Poor performance may be the result of several factors, which include:

  • Insufficient training data, either for the active set or the inactive one
  • Many more inactive compounds than actives in the training set
  • Training data sets which comprises compounds with a different mechanism of action
  • Inadequate epsilon cutoff values

The above cases and others are discussed in the JCIM article. Importantly, adjusting the epsilon cutoff values may readily improve poor performance, especially with regards to TPR, FPR, Precision, and F-Score, as they impact the classification thresholds. The default cutoff values for both the active training set and the inactive training set is 0.95, so that 95% of the training set will be considered in the model building step. This allows to account for some tolerance to the presence/absence of chemical motifs. Higher values (e.g. closer to 1) for the active training cutoff generally result in more true positives and false positives alike. Instead, a higher cutoff for the inactive set fitting should mainly decrease the false positive rate with some effect on the TPR.

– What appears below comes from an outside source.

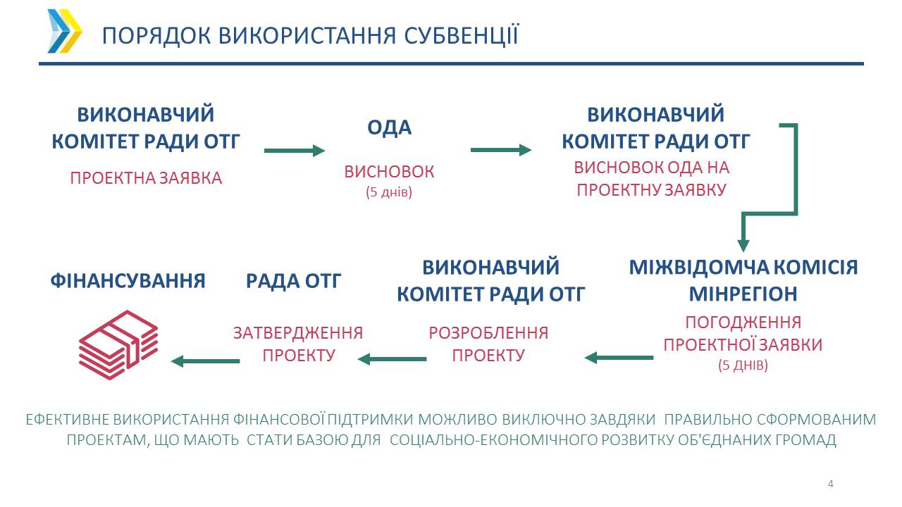 Фінансування проектів за рахунок цієї субвенції відбуватиметься згідно з планом соціально-економічного розвитку об’єднаної територіальної громади.

We suggest benchmarking using the possible combinations of the following epsilon cutoff values: 0.84–0.95–0.98 for epsilon_active and 0.7–0.84–0.95–0.98 for epsilon_cutoff_inactive and identify the combination with the best TPR/FPR tradeoff. Further information about the epsilon cutoff values are available in the JCIM article and in its Supporting Information PDF.

RMD Algorithm

PyRMD implements the Random Matrix Discriminant (RMD) algorithm devised by Lee et al. to identify small molecules endowed with biological activity. Parts of the RMD algorithm code were adapted from the MATLAB version of the RMD and a Python implementation proposed by Laksh Aithani of the Random Matrix Theory.